((

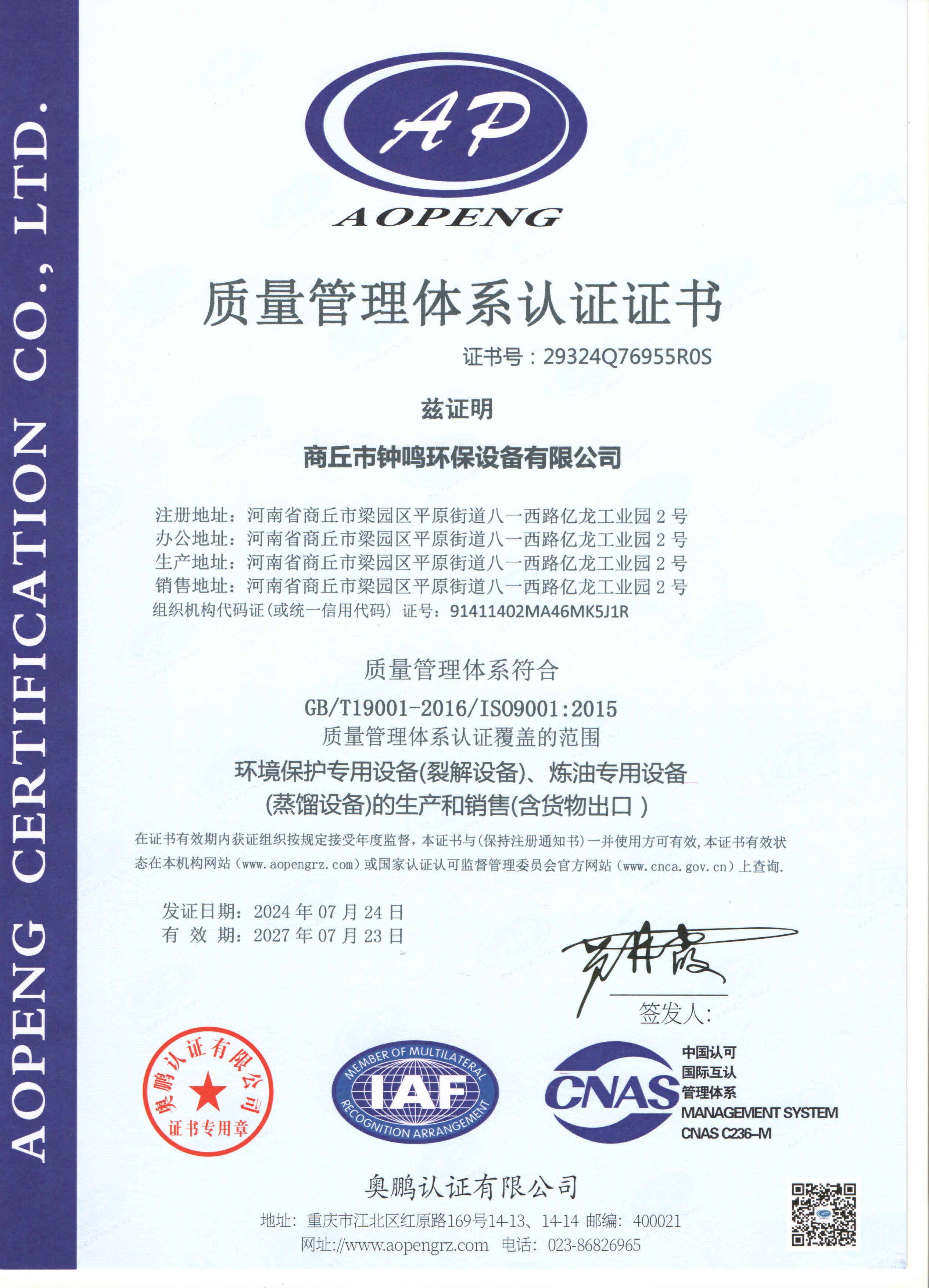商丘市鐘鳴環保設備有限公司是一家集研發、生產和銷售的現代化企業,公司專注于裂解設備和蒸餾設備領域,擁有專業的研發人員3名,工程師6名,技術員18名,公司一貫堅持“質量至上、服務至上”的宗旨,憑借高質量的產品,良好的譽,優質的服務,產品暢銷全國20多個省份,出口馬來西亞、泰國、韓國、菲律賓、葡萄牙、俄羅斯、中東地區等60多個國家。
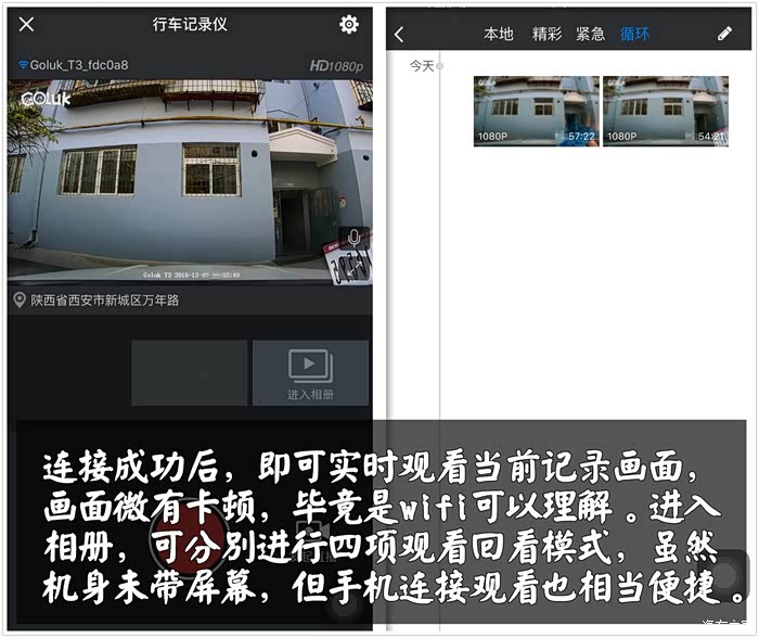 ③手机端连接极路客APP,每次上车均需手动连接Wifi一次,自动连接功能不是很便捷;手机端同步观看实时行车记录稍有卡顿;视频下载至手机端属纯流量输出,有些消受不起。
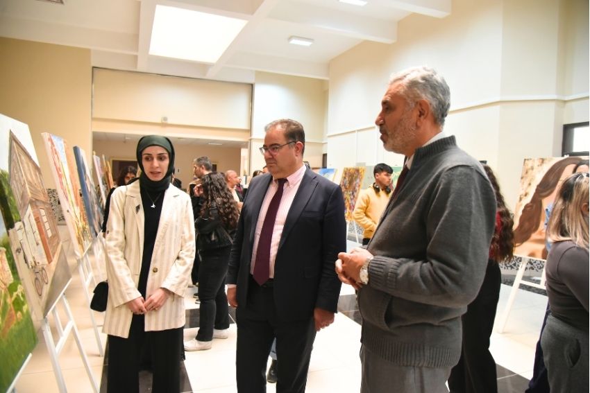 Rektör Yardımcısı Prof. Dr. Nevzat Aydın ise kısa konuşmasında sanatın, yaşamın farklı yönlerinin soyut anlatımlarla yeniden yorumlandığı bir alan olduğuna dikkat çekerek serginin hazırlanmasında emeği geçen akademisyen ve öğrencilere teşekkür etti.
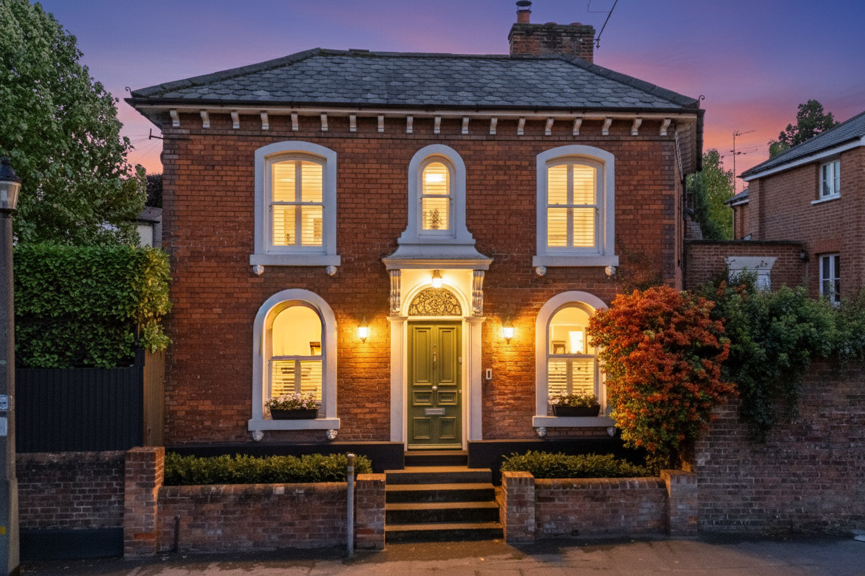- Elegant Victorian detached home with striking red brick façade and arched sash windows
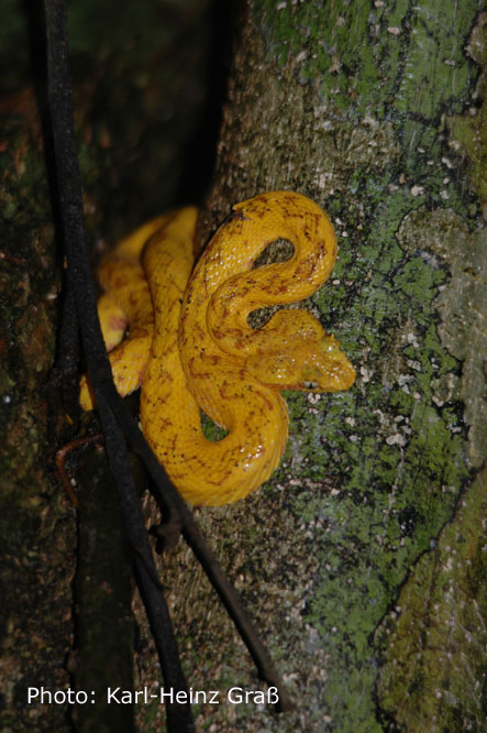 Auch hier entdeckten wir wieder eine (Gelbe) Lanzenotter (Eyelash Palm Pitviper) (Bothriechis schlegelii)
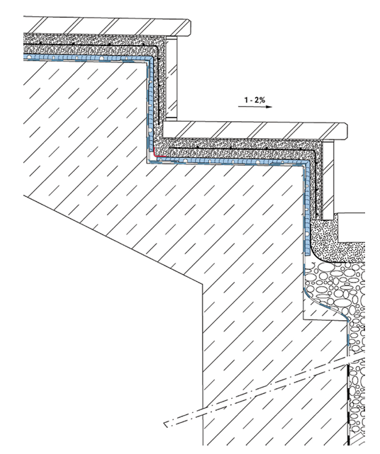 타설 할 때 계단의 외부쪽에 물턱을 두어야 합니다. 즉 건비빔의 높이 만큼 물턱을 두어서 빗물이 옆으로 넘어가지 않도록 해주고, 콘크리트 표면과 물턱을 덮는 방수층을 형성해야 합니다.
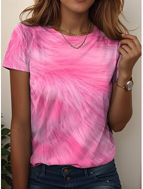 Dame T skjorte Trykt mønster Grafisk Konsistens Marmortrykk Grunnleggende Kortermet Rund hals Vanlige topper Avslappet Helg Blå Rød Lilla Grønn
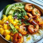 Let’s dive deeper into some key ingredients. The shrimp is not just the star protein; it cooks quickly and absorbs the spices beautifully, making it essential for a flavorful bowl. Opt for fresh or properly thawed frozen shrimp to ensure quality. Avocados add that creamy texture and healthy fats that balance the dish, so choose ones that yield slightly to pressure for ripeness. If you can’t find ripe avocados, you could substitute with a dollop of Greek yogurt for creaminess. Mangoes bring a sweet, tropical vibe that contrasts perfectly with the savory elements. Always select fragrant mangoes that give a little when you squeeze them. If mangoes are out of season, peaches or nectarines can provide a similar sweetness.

))

Set down exactly the lines from the start of the records through the line containing "③手机端连接极路客APP,每", both included, and omit the pictures.

● Result
商丘市鐘鳴環保設備有限公司是一家集研發、生產和銷售的現代化企業,公司專注于裂解設備和蒸餾設備領域,擁有專業的研發人員3名,工程師6名,技術員18名,公司一貫堅持“質量至上、服務至上”的宗旨,憑借高質量的產品,良好的譽,優質的服務,產品暢銷全國20多個省份,出口馬來西亞、泰國、韓國、菲律賓、葡萄牙、俄羅斯、中東地區等60多個國家。
 ③手机端连接极路客APP,每次上车均需手动连接Wifi一次,自动连接功能不是很便捷;手机端同步观看实时行车记录稍有卡顿;视频下载至手机端属纯流量输出,有些消受不起。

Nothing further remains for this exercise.